Beyond the Checkbox: Building a Paperless Experience Customers Actually Want

young woman sitting at a desk online shopping

We’ve spent many years helping organizations transition their customer transactional communications – like bills, policies and statements – into the digital age. These aren’t flashy marketing emails; they’re the communications customers rely on to manage their lives. And yet, they’re often last to be modernized. One thing is clear: getting your customers to go paperless with these critical documents doesn’t just happen. It’s not a switch you flip or a checkbox you tick. It requires intention, strategy, and above all, empathy.

Too many companies believe a simple opt-in checkbox or a paperless campaign is enough to drive paperless adoption. Maybe it works for a while. But ad hoc efforts eventually hit a wall. The novelty wears off, growth stalls, and the business is left wondering why customers are clinging to paper.

Here’s the truth: to drive sustainable paperless adoption, you have to create the need. That means delivering clear value to your customers; value they can see, feel, and experience.

Strategy Before Tactics

Let’s start with strategy. We’ve seen organizations leap straight into execution – deploying digital delivery without taking a step back to ask the most important question: Why would our customers want this? And just as crucially: What do our customers actually need?
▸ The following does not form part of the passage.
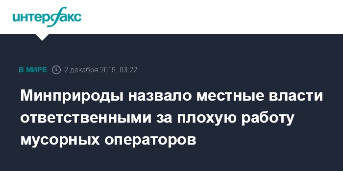 Москва. 2 декабря. INTERFAX.RU - Министр природных ресурсов и экологии РФ Дмитрий Кобылкин возлагает ответственность за некачественную работу операторов системы управления отходами на местах на региональные власти.

Your paperless strategy should begin with a realistic goal grounded in your customer base, your data, and your current infrastructure. There’s no one-size-fits-all approach. What works for a tech-savvy millennial banking customer might not resonate with a retiree managing utility bills.

We always recommend starting with these key inputs:

  • What’s optimal? Define your north star. What does a fully paperless experience look like at its best?
  • What are customers asking for today? Look at support queries, feedback, and usage data.
  • What will they ask for tomorrow? This is where future-proofing matters. Anticipate needs, especially as device habits and channel preferences evolve.
  • What’s realistic? Consider legislative requirements, internal resources, and development cycles.

These questions frame the strategy. The tactics, tools, and channels follow.

Paperless Is Not a Binary Choice

When we talk about going paperless, it’s tempting to frame it as a binary choice: paper or digital. But digital isn’t one thing. It’s a spectrum of possibilities that include email, mobile apps, SMS, secure portals, PDFs, interactive content, push notifications, and more.

The digital experience matters. If a customer opts into paperless and receives a generic email saying, “Your statement is ready,” with no intuitive access to the information they need, it’s a missed opportunity.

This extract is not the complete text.